TSW2: Great Western Express – DLC Review

Train Sim World 2 has a wealth of downloadable content and the Great Western Express DLC was the first to catch my eye with a UK route and the iconic HST.
With already owning a few of the route DLC packages, there’s a range of value with some like the Isle of White DLC. only offering limited value, while others have far more content.

Firstly it’s important to note that Great Western Express is DLC from the Prestige collection. Originally released on Train Simulator in 2017/2018 and brought forward to work with Train Sim World 2, it’s a great way of adding more content to the game especially for those moving over from the old title, but the overall production value isn’t as high as the more recent DLC made specifically for the latest release.

Let’s start off with a look at what this package offers as a whole,
Firstly there’s the route between London’s Paddington Station and Reading, a stretch of 36 miles which covers a total of 16 stations with plenty of sidings and stops giving a total of 30 locations.

The route is well varied with scenery covering residential and industrial areas from the capital with countryside stretches on the way to reading, there’s plenty of bridges, roads, multi-track sections and other trains on the line, and it’s only let down by a few areas which have landscape elevation issues where the ground occasionally sits above the track, it doesn’t affect gameplay at all, but it feels a little odd when it looks like your train is ploughing through a sand dune.

We’ve also got 3 new locomotives, starting with the BR Class 166, a popular diesel multiple unit which has been on the rails since 1993 and has only got more popular especially in the last 5 years.

The second train is the iconic Class 43 “HST” also known as the Intercity 125, which boasts a top speed of 125mph, since first appearing in 1976 the HST has been seen all over Britain with many units still in operation today.

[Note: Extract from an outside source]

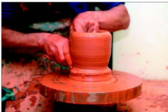
Cerámica. Torno. 2005.

Este taller esta dividido en las siguientes secciones: Modelado de arcilla en todas sus especialidades comunes, torneado y retorneado (sección alfarería), preparación de las capas vitrificadas partiendo de los componentes básicos, horneado de las piezas y esmaltes. Preparación de pastas.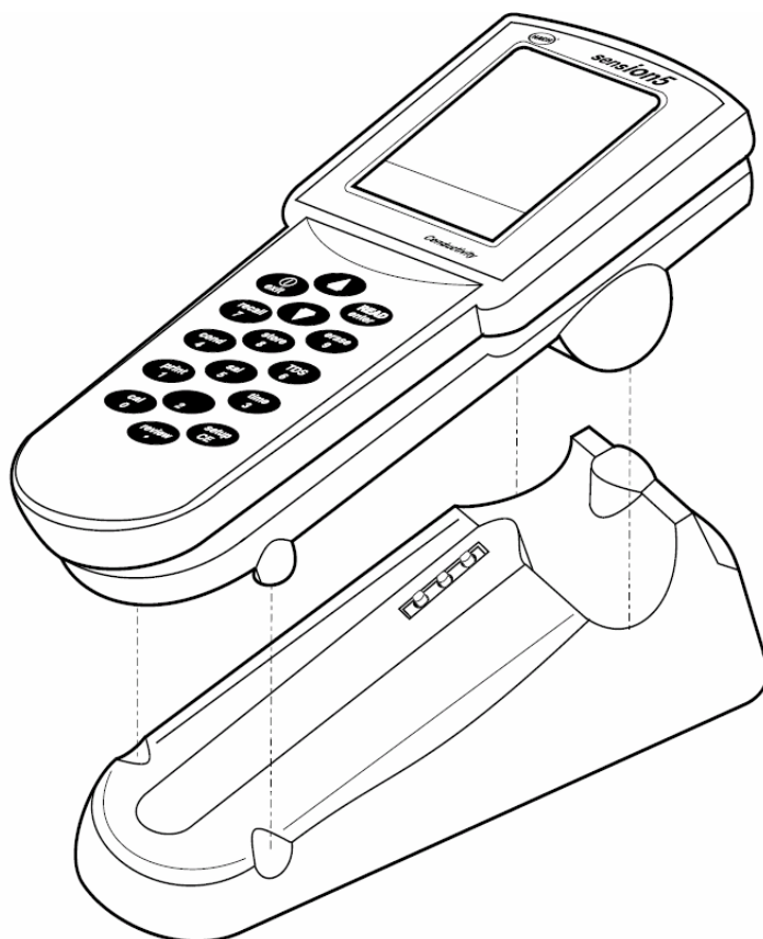
图 5 电源座

The third locomotive added with the Great Western Express DLC is the Class 66 Diesel freight haulier known as The Shed, it’s slow, heavy and extremely powerful.

Between these three locomotives, there’s a great range of diversity with the 166 relatively easy to handle, the HST is a lot faster and will test your braking distances with more complex controls and finally, the class 66 is more demanding with manual braking meaning you won’t just need to slow down, you’ll need to keep a careful eye on exactly how much pressure those brakes are delivering.

With 3 locomotives, a wide selection of stations both small and large, there’s already quite a lot of content for one DLC, and that’s only scratching the surface.

There’s 5 training modules, 5 scenarios and a massive 274 timetabled routes to work through, 166 on the Class 166, 95 for the HST and 13 freight routes.

There’s also a good selection of collectables, with safety signs and route maps to place, and 25 beacons to collect, the 50 signs are easier to locate due to the blank boards they go on being a dead giveaway, but the beacons are tough to spot and with the larger stations will take plenty of exploring to find them all.

Being part of the preserved collection the Great Western Express route add-on was first released for Train Sim on Xbox nearly 3 years ago, so graphically it’s a bit flakey in places.

Flying down the track at speeds of up to 100mph in The Class 166 and over 120 in the HST, everything looks fine, but when stationary at many locations you’ll see a fair few blurry textures especially when you get up close.
It’s mostly forgivable considering how much ground we’re talking about, but it’s nice to see that this is one area that’s been addressed with newer DLC.

There are really only two other issues with Great Western Express, firstly is the first tutorial, half-way through it insists that you press “Y” to return to driver mode, and sadly the command doesn’t function, which makes that scenario impossible to complete.

It’s known by the developers so maybe we’ll get a fix soon, but it’s a little awkward that this crept through quality control.

Finally are the landscape issues mentioned earlier, it’s easy to look past, but even my girlfriend thought my train had derailed when she glanced at the screen to see the track completely covered by land.

Those few annoyances aside, there’s more than enough positives, the three locomotives are giving us a fantastic range of driving styles, the sound is top-notch across the board, and the route offers plenty of stops, varied scenery and the 274 timetabled routes will take anyone dozens, if not hundreds of hours to work through,
With both of the passenger trains being incredibly popular, there’s also the appeal that many players will have been on, or at least seen one, if not both of them.

In conclusion, it’s fair to say that the Great Western Express DLC is certainly recommended, and if you can forgive the few graphical hiccups, it more than justifies it’s usual £24.99 price-tag, especially when you compare it to some packs with barley offer half of the content.

We’re slowly working through more of the DLC packs, but I’m pretty sure Great Western Express will place highly when we release our top 10 of TSW2 add-ons.

Gameplay - 8
Graphics - 7
Sound - 8.5
Story - 8
Value - 9


In conclusion, it's fair to say that the Great Western Express DLC is certainly recommended, and if you can forgive the few graphical hiccups, it more than justifies it's usual £24.99 price-tag, especially when you compare it to some packs with barley offer half of the content.